This was yet another successful visit with much being accomplished by the group in a relatively short amount of time.
The aim for this visit was to complete most of the building work on two buildings: the accommodation blocks at Sostin Mountain Clinic and at Sigor Hospital.
Abraham started work up at Sostin within a day of our arrival. He arranged the supply of labour and materials, and by the last Saturday of our stay, was in Marich to report that all the work (including the screeding of the floor and external walls) had been accomplished. The site will be cleared and ready for the final addition of 2 solar panels, a water tank and fittings for a shower and taps when we visit again in September 2019.
At Sigor a new window was fitted to one room in the accommodation block. The rest of the glazing was completed as was the internal decoration. As well as Phillip and his two labourers, Benson (a local carpenter) started work on the ceilings. These would be suspended on a wooden framework and as can be seen below, the first ceiling went in pretty well. The lack of a ceiling tape means that the painting of the ceiling will be posponed until the next visit in September.
Lomut is currently without a clinic and the plan is to convert an existing building which has fallen into disrepair. Building work is focused on altering the shape of the building, adding a ring lintel and preparing the building for roofing.
During the course of the two weeks, a number of visits were organised to Sostin, Sigor, and Lomut. The team was augmented at various times by extra medical staff from Sostin and Sigor. A nurses’ strike was in force when we arrived but caused little disruption to our clinics where work continued at a good pace. In some local establishments doctors were also on strike so referrals were low. This meant that we had almost unfettered access to the Sostin ambulance which was on hand to take us into the mountain whenever needed.
The Knickers Project
Early on two visits were made to schools which had not yet received either the feminine hygiene talk or the distribution of sanitary towels and pants.

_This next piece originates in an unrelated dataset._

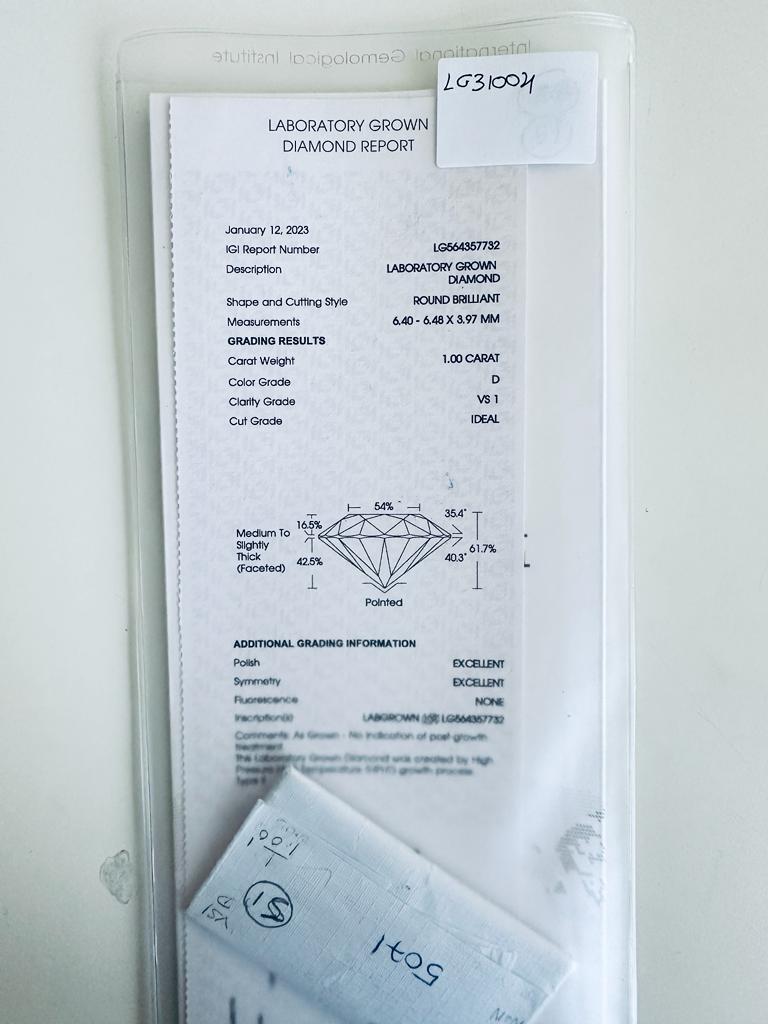 DIAMANTE LAB GROWN 1 CT D - S1 - IGI - INCISO AL LASER - LG31004

The first visit was to Mbara where a brief visit had been made last September. Nancy, now a fully qualified nurse, gave an excellent talk and responded well to the many questions asked. The girls were very excited to receive their sanitary towels and pants, as were the female supervising members of staff who also were given supplies.
At the end of the presentation and after many questions Stephen Dite (the clinician at Sostin) asked whether any girls needed medical treatment. Over sixty girls raised their hands. Stephen set up in one room and I accompanied Nancy where she ran a very efficient clinic. Nancy dispensed for both rooms. It was gratifying to see that we were able to treat 65 girls with items taken solely from our IHP box. Of the list of ailments treated the two most common, amounting to 25% of the cases, were eye problems and urinary tract infections.
Later in the week Mike, Barbara and Inke visited Mbara to support their educational programme.
The second ‘Knickers’ run was to Lomut Primary and here we met a very large crowd of girls in one of the classrooms. Nancy once again gave a superb talk, her clear explanations reinforced by her blackboard illustrations. After a question and answer session at the end of the talk, staff helped the Yellowmen distribute the pants and pads to all the girls and female staff.
During the many visits to Sigor Hospital we were able to see the development taking place with new buildings and concrete paths bringing some order to the hospital. Once the building work has been completed further investment will turn Sigor into a County rather than a District hospital. It is hoped that new departments such an x-ray department will help the hospital grow.
In the laboratory, work was hindered by a broken blood centrifuge. On inspection is was discovered that a short circuit had occurred and that some wiring was defunct. With a few phone calls I was able to contact the shop with the contract for such repairs in Kitale and dispatched the centrifuge by PicPic. Two days later it was back and in use. Total cost of the repair and transport – £80.
Two Littman stethoscopes were presented to staff plus some copies of the British National Formulary which are always in great demand. The senior pharmacist was grateful for the medicines that we provided requesting a list of specialised antibiotics he would like if we could provide.
The two day clinic at Tikeet was the busiest yet with well over 300 patients seen and treated. There were hoards of children around the clinic during the opening times and converting a couple of surgical gloves into basketballs kept them busy racing around outside in the sun.